I have some experience using Linux, but I am certainly not highly proficient. I basically just want to be able to add the tivoweb hack without having to connect the tivo to a linux box. Is there anything out there where I can access the os using a windows pc? Like I said, I am a complete beginner when it comes to the tivo and the infrastructure involved. I do know that I can run a version of linux on my pc if necessary. If anyone has any ideas that would be fairly simple for a beginner to implement I would greatly appreciate it. Thanks in advance.


----------



## JWThiers (Apr 13, 2005)

bscwaryan said:


> Hey guys,
> 
> I was given my first tivo tonight. It is a series 2 with a lifetime subscription. I have never really used a tivo (just a dvr from my cable company) and I have been reading up on some of the hacks that are available out there.
> 
> I have some experience using Linux, but I am certainly not highly proficient. I basically just want to be able to add the tivoweb hack without having to connect the tivo to a linux box. Is there anything out there where I can access the os using a windows pc? Like I said, I am a complete beginner when it comes to the tivo and the infrastructure involved. I do know that I can run a version of linux on my pc if necessary. If anyone has any ideas that would be fairly simple for a beginner to implement I would greatly appreciate it. Thanks in advance.


My personal opinion, is that MOST of the things that the average user wants to do with a Stand Alone Tivo is ready to go right out of the box with NO hacks needed. So I would look around at what you can do without hacking BEFORE you make the commitment. And it is a commitment because you will end up haveing to constantly tweak and monitor your system.

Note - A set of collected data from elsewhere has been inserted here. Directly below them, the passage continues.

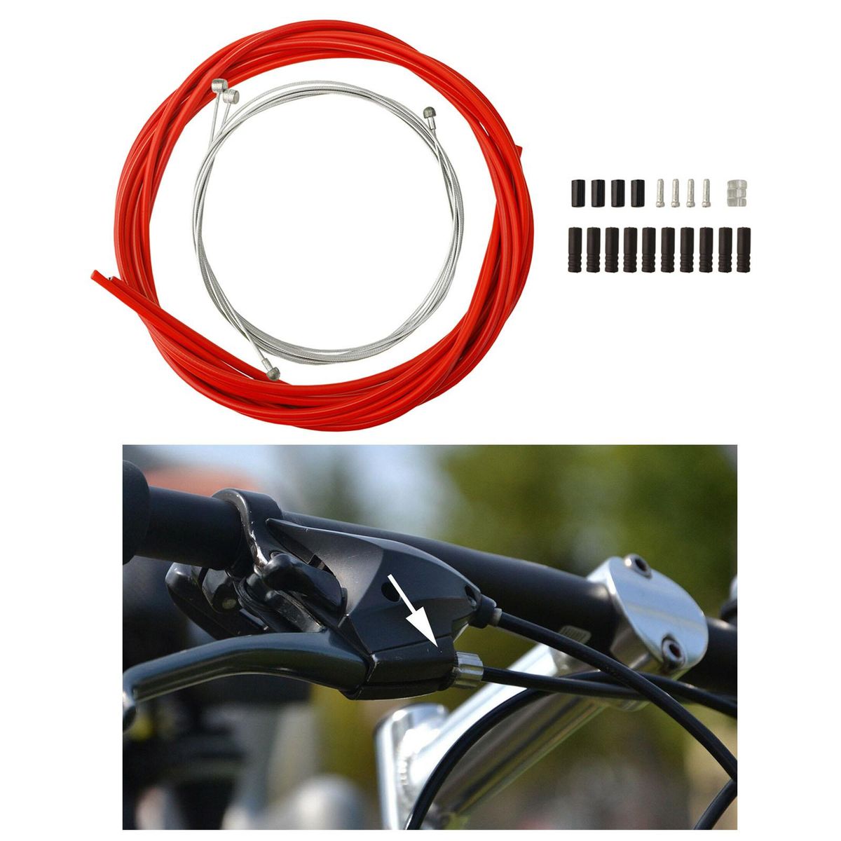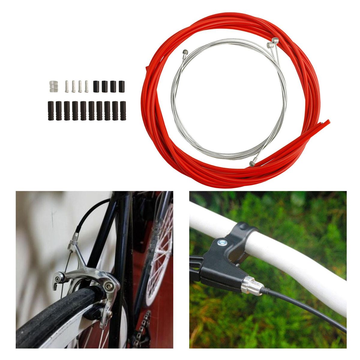 Universal Bike Shift/Derailleur & Brake Cable Housing set for mountain, road, folding bicyclesStainless steel coated cables and PVC housing- very tough, solid, cold & heat resistance and weather resistance2.5m brake cable housing(OD 5mm), 2m shift cable housing(OD 4mm)Front shift cable- 1.55m, rear shift cable-2.1m, you custom size according to your needsEquipped with 4x brake cable end caps, 4x cable end caps, 10x shift cable end caps, 1x o-rings
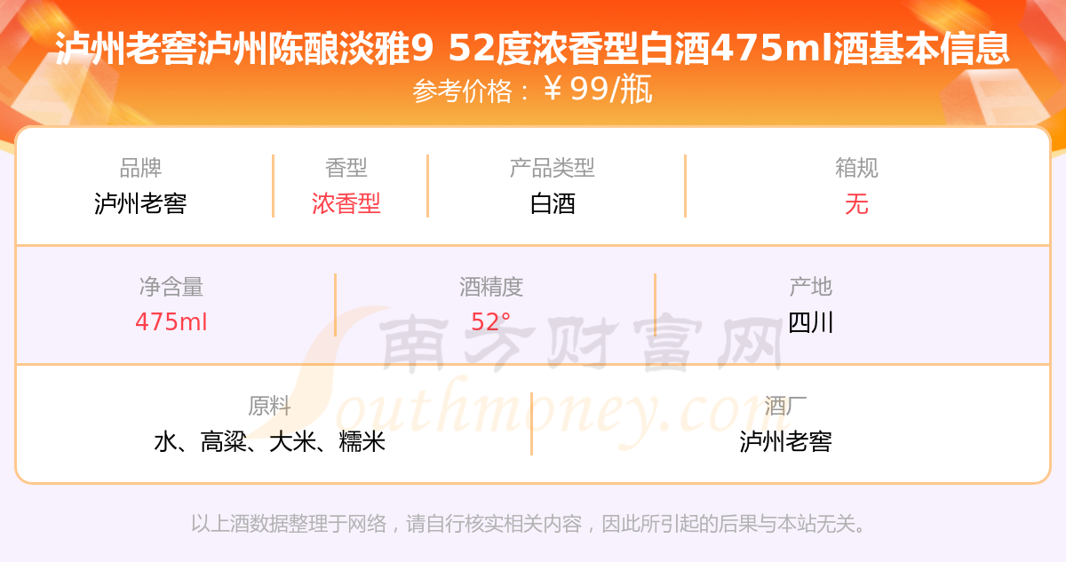 泸州老窖泸州陈酿淡雅952度浓香型白酒475ml基本信息
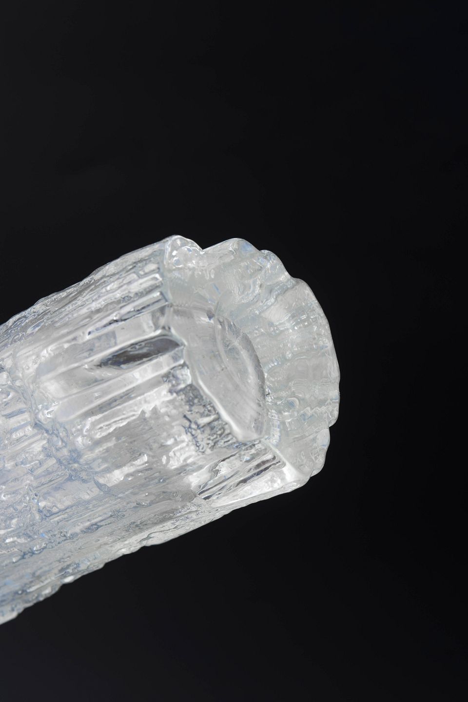Tapio Wirkkala for Iittala, vase.Klar glasvase med markant isstruktureret overflade og lodrette reliefmønstre inspireret af smeltende is. Høj, slank cylindrisk form med let ujævn kant.

Having said that I think if you look at This thread you will find the SApper will get you started.

I assume you are using a Stand alone tivo, if you are using a DirecTV w/Tivo Hacking makes more sense but look at the really LONG thread that says hacking just got a whole lot easier.


----------



## classicsat (Feb 18, 2004)

You don't really need to "know" Linux, but knowing Linux makes things easier to understand, and possibly take some shortcuts. All you really need to know is command line and a few Linux Bash conventions (forward slashes for directoresy, Linux is case sensitive, ls is the dir command.) Otherwise follow the howtos to the letter.


----------



## bscwaryan (Oct 8, 2007)

Thanks for the advice guys. I am going to stumble around through the forums here for a couple of weeks before I make any decisions on hacking this sucker. In my first day with my tivo, I already can't use my hd dvr anymore. This is so much ridiculously better.


----------



## BTUx9 (Nov 13, 2003)

bscwaryan said:


> Thanks for the advice guys. I am going to stumble around through the forums here for a couple of weeks before I make any decisions on hacking this sucker. In my first day with my tivo, I already can't use my hd dvr anymore. This is so much ridiculously better.


Amen, Brother!
TiVo puts all others to shame.


----------